» To do
Set down the data below without change, skipping the pictures it holds.

» The data
================================
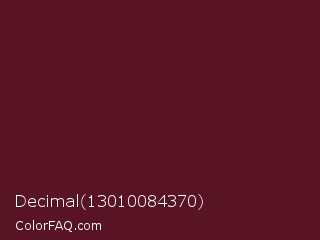 Decimal 13010084370 Color is a very dark red color and the nearest color is Maroon Oak #520c17. Hex code #581424 and RGB value is rgb(88,20,36). In RGB color space, this color is composed of 35% red, 8% green, 14% blue, In CMYK color space, this color is composed of 0% cyan, 77% magenta, 59% yellow , 65% black , In HSL color space, this color has a hue angle of 346° , 63% saturation and 21% lightness.
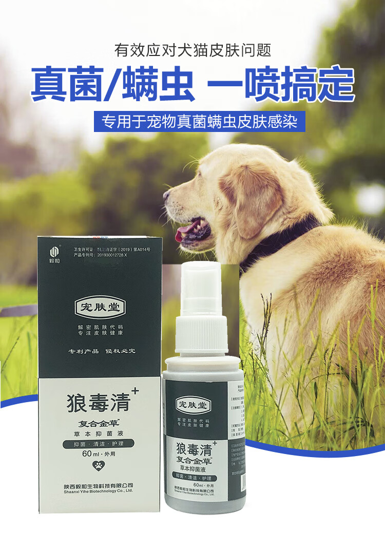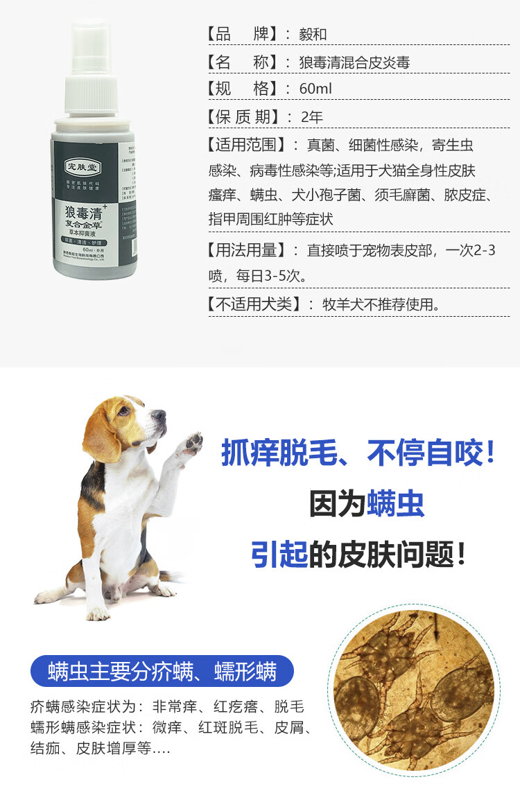 毅和【现货当日发】狼毒清喷剂60ml宠物皮肤病猫癣狗真菌螨虫猫藓药喷 2瓶 狼毒清喷剂60ml/瓶
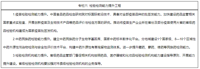 5.加強(qiáng)檢驗(yàn)檢測體系建設(shè)。加強(qiáng)藥品、醫(yī)療器械檢驗(yàn)檢測關(guān)鍵技術(shù)和平臺建設(shè)。以中國食品藥品檢定研究院為龍頭、國家藥監(jiān)局重點(diǎn)實(shí)驗(yàn)室為骨干、省級檢驗(yàn)檢測機(jī)構(gòu)為依托,完善科學(xué)權(quán)威的藥品、醫(yī)療器械和化妝品檢驗(yàn)檢測體系。國家級檢驗(yàn)機(jī)構(gòu)著重瞄準(zhǔn)國際技術(shù)前沿,強(qiáng)化重點(diǎn)專業(yè)領(lǐng)域檢驗(yàn)?zāi)芰ㄔO(shè)。地方各級檢驗(yàn)機(jī)構(gòu)針對日常和應(yīng)急檢驗(yàn)需求,補(bǔ)齊能力短板,力爭具備應(yīng)對突發(fā)公共衛(wèi)生事件“應(yīng)檢盡檢”能力。圍繞藥品關(guān)聯(lián)審評審批及監(jiān)管需要,推動建立布局合理、重點(diǎn)突出的藥用輔料和藥包材檢驗(yàn)檢測體系。
================================
» Exercise result
 Decimal 13010084370 Color is a very dark red color and the nearest color is Maroon Oak #520c17. Hex code #581424 and RGB value is rgb(88,20,36). In RGB color space, this color is composed of 35% red, 8% green, 14% blue, In CMYK color space, this color is composed of 0% cyan, 77% magenta, 59% yellow , 65% black , In HSL color space, this color has a hue angle of 346° , 63% saturation and 21% lightness.
 毅和【现货当日发】狼毒清喷剂60ml宠物皮肤病猫癣狗真菌螨虫猫藓药喷 2瓶 狼毒清喷剂60ml/瓶
 5.加強(qiáng)檢驗(yàn)檢測體系建設(shè)。加強(qiáng)藥品、醫(yī)療器械檢驗(yàn)檢測關(guān)鍵技術(shù)和平臺建設(shè)。以中國食品藥品檢定研究院為龍頭、國家藥監(jiān)局重點(diǎn)實(shí)驗(yàn)室為骨干、省級檢驗(yàn)檢測機(jī)構(gòu)為依托,完善科學(xué)權(quán)威的藥品、醫(yī)療器械和化妝品檢驗(yàn)檢測體系。國家級檢驗(yàn)機(jī)構(gòu)著重瞄準(zhǔn)國際技術(shù)前沿,強(qiáng)化重點(diǎn)專業(yè)領(lǐng)域檢驗(yàn)?zāi)芰ㄔO(shè)。地方各級檢驗(yàn)機(jī)構(gòu)針對日常和應(yīng)急檢驗(yàn)需求,補(bǔ)齊能力短板,力爭具備應(yīng)對突發(fā)公共衛(wèi)生事件“應(yīng)檢盡檢”能力。圍繞藥品關(guān)聯(lián)審評審批及監(jiān)管需要,推動建立布局合理、重點(diǎn)突出的藥用輔料和藥包材檢驗(yàn)檢測體系。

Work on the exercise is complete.